* _Activity_
The records that follow need to be printed exactly. Leave out each image.

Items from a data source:
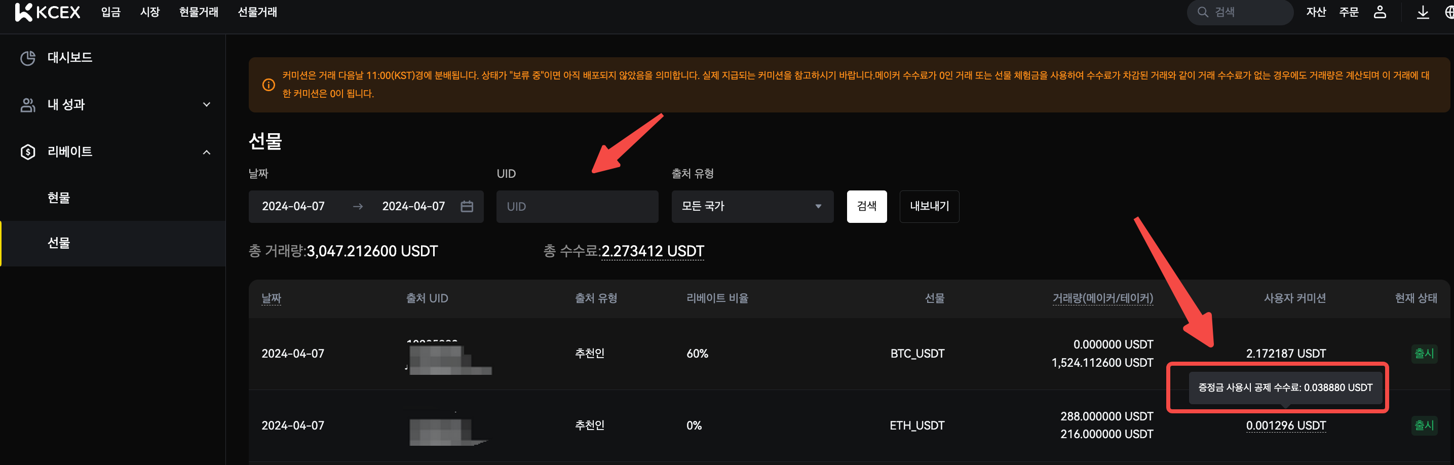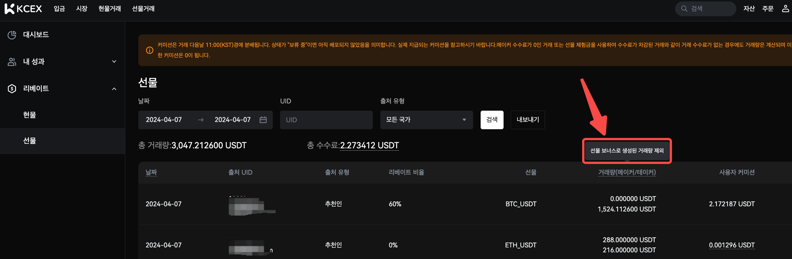 선택한 기간 동안 고객이 생성한 수수료 및 거래량을 확인할 수 있습니다.
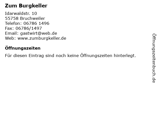 | Öffnungszeiten Zum Burgkeller in Bruchweiler anzeigen | |
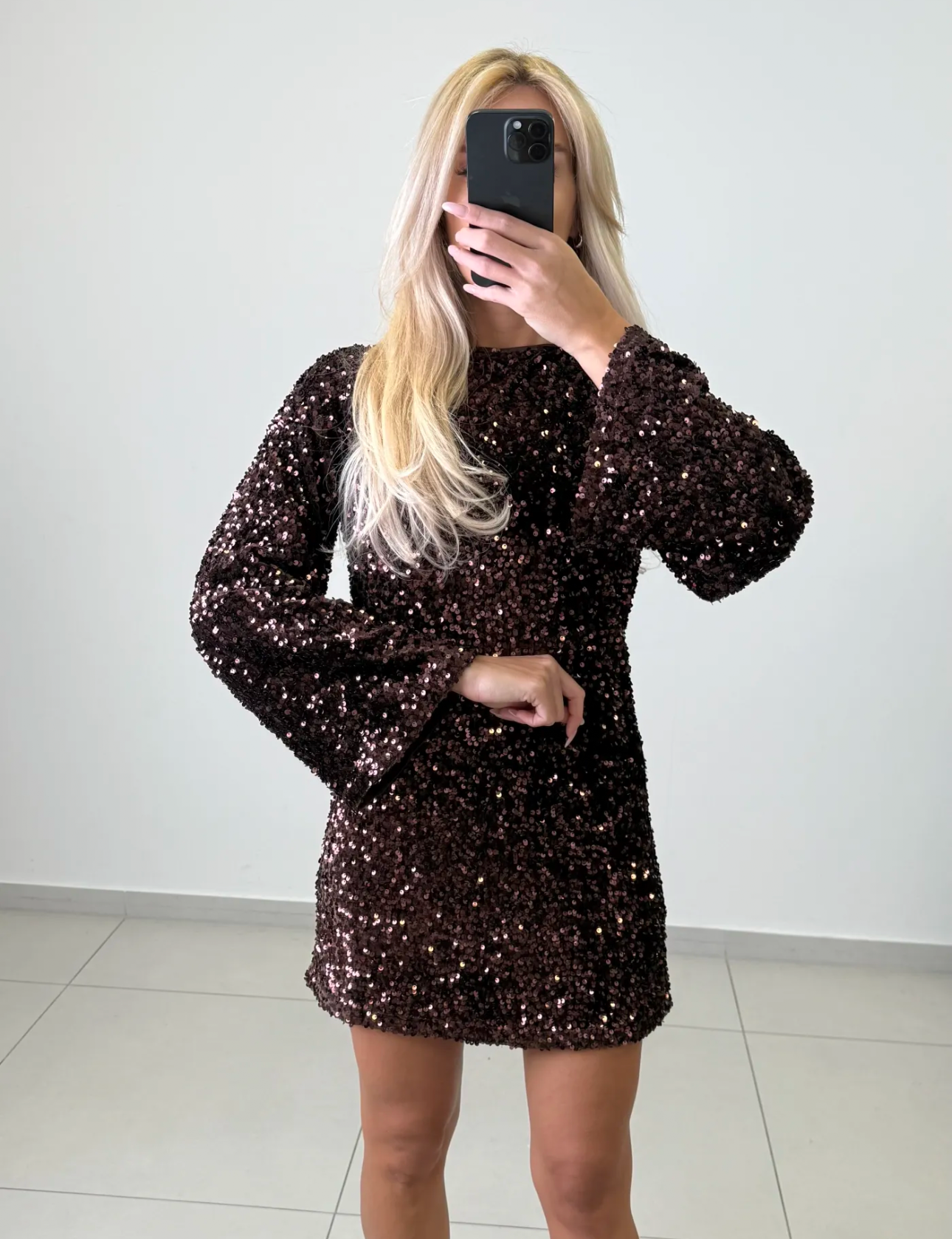 PAILLETTEN GLITZER KLEID - braun
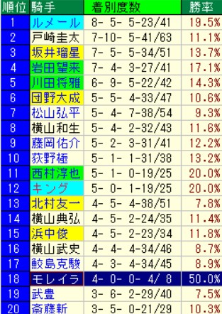 騎乗馬の人気を見ても一目瞭然。6番人気以下の穴馬でも4勝と腕で持ってきた。
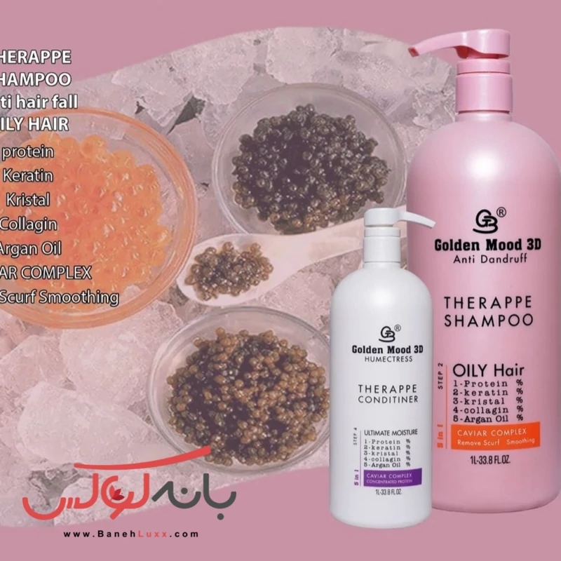شامپو پنج کاره گلدن مود فرانسه حاوی آرگان و کلاژن و کراتین و پروتئین کاملا بدون امونیاک و سولفات و پارابن با مواد گیاهی
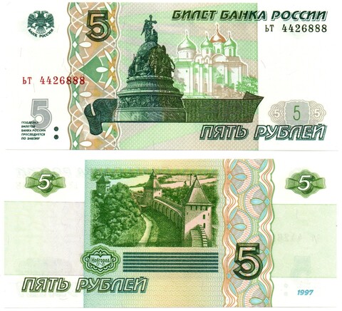 Банкнота 5 рублей 1997 г. Красивый номер ЬТ 4426888. Пресс UNC
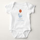 Traje de cumpleaños del primer año de los chicos dinosaurio con un dinosaurio azul pastel que sostiene un globo rojo con el número 1 dentro del globo en un entorno divertido y colorido con tema de dinosaurios. Personalízalo con la edad y el nombre de tu hijo.
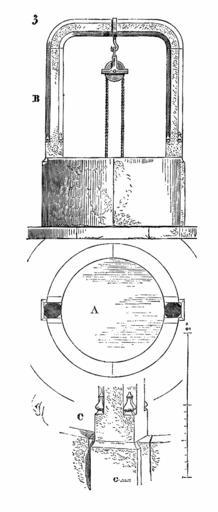 | Keywords: Puits.Carcassonne.2.png sur une petite place il existe un autre puits également creusé dans le roc mais d'un plus faible diamètre dont la margelle et la suspension de la poulie méritent d'être signalées Nous donnons fig 3 en A le plan et en B l'élévation de ce monument qui date comme le précédent du XIV<sup>e</sup> siècle Ici la traverse qui relie les deux piles est de grès et d'un seul morceau En C nous avons tracé le détail des bases des piles qui font corps avec le pilastre pénétrant dans la margelle afin d'éviter les dévers des deux monolithes La profondeur de ce puits est de 21<sup>m</sup> 40 et la nappe d'eau de 3<sup>m</sup> 50 Viollet-le-Duc Drawings by Eugène Viollet-le-Duc Well Historical wells in France Water wells in Aude |
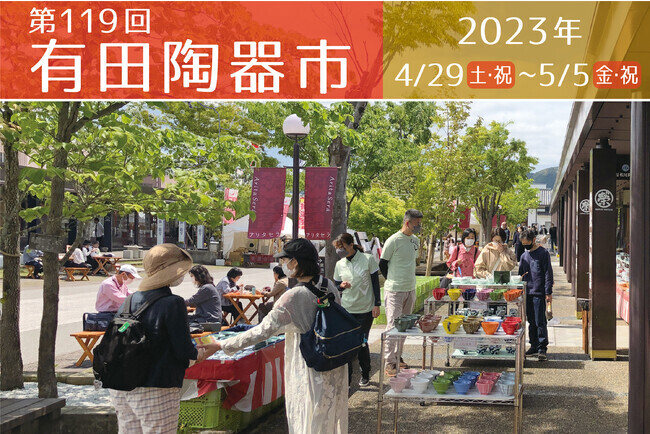 佐賀県有田町では4月29日(土•祝)から5月5日(金•祝)まで、「第119回有田陶器市」が開催される。約20,000坪の敷地に陶磁器の専門店が軒を連ねる有田焼ショッピングリゾート「アリタセラ/Arita Será 」へは、有田駅から無料シャトルバスで約5分。有田陶器市の町内会場からもシャトルバスのルートになっているのでアクセスも良好だ。お車でお越しの際は、800台収容可能な大駐車場に、無料で駐車いただける。
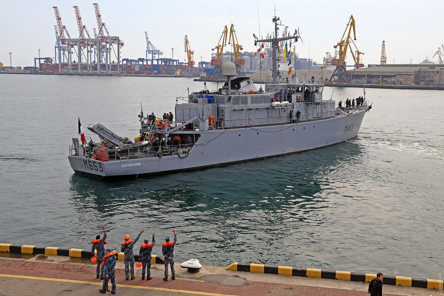 Сегодня в 10:30 французский тральщик M653 Capricorn отчалил от 16 причала морвокзала и ушел из Одессы. Чуть раньше с Западной ВМБ в открытое море вышел катер «Прилуки», который проведет с французом учения. Перед отплытием на борт тральщика поднялись наши военные моряки, чтобы организовать взаимодействие с французскими коллегами, передает корреспондент «Думской». Учения будут посвящены в основном отработке приемов по поиску мин. Наши специалисты познакомятся с работой французского оборудования, в том числе с подводными аппаратами, которые есть на вооружении «Каприкорна». Также «Прилуки» отработает с гостем упражнения по программе PASSEX — взамодействие, маневрирование, перестроения и передачу грузов на ходу. Учения продлятся несколько дней. Фото Сергея Смоленцева СМЕРТЬ РОСІЙСЬКИМ ОКУПАНТАМ! Помітили помилку? Виділяйте слова з помилкою та натискайте control-enter |
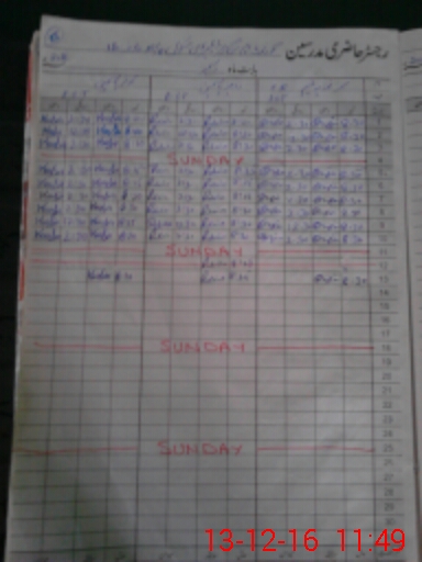 | CNIC | Full Name | Designation | R/C | Absence During Last Calender Month |
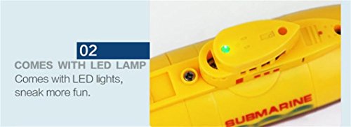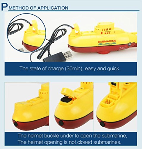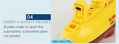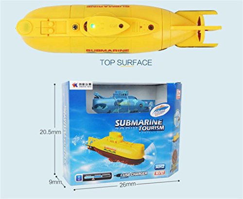 ▶ Specifications: ▶ Mode:Mode 2(Left hand throttle) ▶ Product size:15x6.8x4.5 cm ▶ Charging time:25-30 mins ▶ Discharging time:15-20 mins ▶ Dive depth: 0.5m ▶ Speed: 0.1m/s ▶ Battery for submarine: 3.7V 120mAh Li-po ▶ Battery for transmitter:6x 1.5V AAA (Not included) ▶ Certificate:EN71/EN62115/EMC/RTTE/RoHS/7P ▶ Function: Forward, Backward, turn left and right ▶ 27/40MHz radio control racing submarine ship for kids ▶ Suspending at a specific water depth ▶ 360°rotation at specific depths ▶ Straight line diving navigation ▶ With a remote waterproof transmitter ▶ Exercise your kid's mental ability and physical coordination ▶ Built-in rechargeable battery, USB charging cable included ▶ Packing include: ▶ 1 * Submarine ▶ 1*Transmitter ▶ 1*USB Cable ▶ 1*English Manual 0
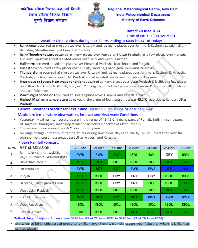 मौसम विभाग ने बताया कि अगले तीन से चार दिनों के दौरान गुजरात, महाराष्ट्र, मध्य प्रदेश के अलावा ओडिशा, गंगा और उप-हिमालयी पश्चिम बंगाल, झारखंड, बिहार, पूर्वी यूपी के कुछ और हिस्सों में मानसून के पहुंचने के लिए परिस्थितियां अनुकूल बनी हुई है. इधर, मानसून उत्तर बंगाल के ज्यादातर भागों में पहुंच चुका है और अगले पांच दिनों में यहां के इलाकों में भारी बारिश को लेकर मौसम विभाग की ओर से अलर्ट जारी किया गया है.

* _Answer to this exercise_
 선택한 기간 동안 고객이 생성한 수수료 및 거래량을 확인할 수 있습니다.
 | Öffnungszeiten Zum Burgkeller in Bruchweiler anzeigen | |
 PAILLETTEN GLITZER KLEID - braun
 騎乗馬の人気を見ても一目瞭然。6番人気以下の穴馬でも4勝と腕で持ってきた。
شامپو پنج کاره گلدن مود فرانسه حاوی آرگان و کلاژن و کراتین و پروتئین کاملا بدون امونیاک و سولفات و پارابن با مواد گیاهی
 Банкнота 5 рублей 1997 г. Красивый номер ЬТ 4426888. Пресс UNC
 Traje de cumpleaños del primer año de los chicos dinosaurio con un dinosaurio azul pastel que sostiene un globo rojo con el número 1 dentro del globo en un entorno divertido y colorido con tema de dinosaurios. Personalízalo con la edad y el nombre de tu hijo.
 | Keywords: Puits.Carcassonne.2.png sur une petite place il existe un autre puits également creusé dans le roc mais d'un plus faible diamètre dont la margelle et la suspension de la poulie méritent d'être signalées Nous donnons fig 3 en A le plan et en B l'élévation de ce monument qui date comme le précédent du XIV<sup>e</sup> siècle Ici la traverse qui relie les deux piles est de grès et d'un seul morceau En C nous avons tracé le détail des bases des piles qui font corps avec le pilastre pénétrant dans la margelle afin d'éviter les dévers des deux monolithes La profondeur de ce puits est de 21<sup>m</sup> 40 et la nappe d'eau de 3<sup>m</sup> 50 Viollet-le-Duc Drawings by Eugène Viollet-le-Duc Well Historical wells in France Water wells in Aude |
 佐賀県有田町では4月29日(土•祝)から5月5日(金•祝)まで、「第119回有田陶器市」が開催される。約20,000坪の敷地に陶磁器の専門店が軒を連ねる有田焼ショッピングリゾート「アリタセラ/Arita Será 」へは、有田駅から無料シャトルバスで約5分。有田陶器市の町内会場からもシャトルバスのルートになっているのでアクセスも良好だ。お車でお越しの際は、800台収容可能な大駐車場に、無料で駐車いただける。
 Сегодня в 10:30 французский тральщик M653 Capricorn отчалил от 16 причала морвокзала и ушел из Одессы. Чуть раньше с Западной ВМБ в открытое море вышел катер «Прилуки», который проведет с французом учения. Перед отплытием на борт тральщика поднялись наши военные моряки, чтобы организовать взаимодействие с французскими коллегами, передает корреспондент «Думской». Учения будут посвящены в основном отработке приемов по поиску мин. Наши специалисты познакомятся с работой французского оборудования, в том числе с подводными аппаратами, которые есть на вооружении «Каприкорна». Также «Прилуки» отработает с гостем упражнения по программе PASSEX — взамодействие, маневрирование, перестроения и передачу грузов на ходу. Учения продлятся несколько дней. Фото Сергея Смоленцева СМЕРТЬ РОСІЙСЬКИМ ОКУПАНТАМ! Помітили помилку? Виділяйте слова з помилкою та натискайте control-enter |
 | CNIC | Full Name | Designation | R/C | Absence During Last Calender Month |
 ▶ Specifications: ▶ Mode:Mode 2(Left hand throttle) ▶ Product size:15x6.8x4.5 cm ▶ Charging time:25-30 mins ▶ Discharging time:15-20 mins ▶ Dive depth: 0.5m ▶ Speed: 0.1m/s ▶ Battery for submarine: 3.7V 120mAh Li-po ▶ Battery for transmitter:6x 1.5V AAA (Not included) ▶ Certificate:EN71/EN62115/EMC/RTTE/RoHS/7P ▶ Function: Forward, Backward, turn left and right ▶ 27/40MHz radio control racing submarine ship for kids ▶ Suspending at a specific water depth ▶ 360°rotation at specific depths ▶ Straight line diving navigation ▶ With a remote waterproof transmitter ▶ Exercise your kid's mental ability and physical coordination ▶ Built-in rechargeable battery, USB charging cable included ▶ Packing include: ▶ 1 * Submarine ▶ 1*Transmitter ▶ 1*USB Cable ▶ 1*English Manual 0
 मौसम विभाग ने बताया कि अगले तीन से चार दिनों के दौरान गुजरात, महाराष्ट्र, मध्य प्रदेश के अलावा ओडिशा, गंगा और उप-हिमालयी पश्चिम बंगाल, झारखंड, बिहार, पूर्वी यूपी के कुछ और हिस्सों में मानसून के पहुंचने के लिए परिस्थितियां अनुकूल बनी हुई है. इधर, मानसून उत्तर बंगाल के ज्यादातर भागों में पहुंच चुका है और अगले पांच दिनों में यहां के इलाकों में भारी बारिश को लेकर मौसम विभाग की ओर से अलर्ट जारी किया गया है.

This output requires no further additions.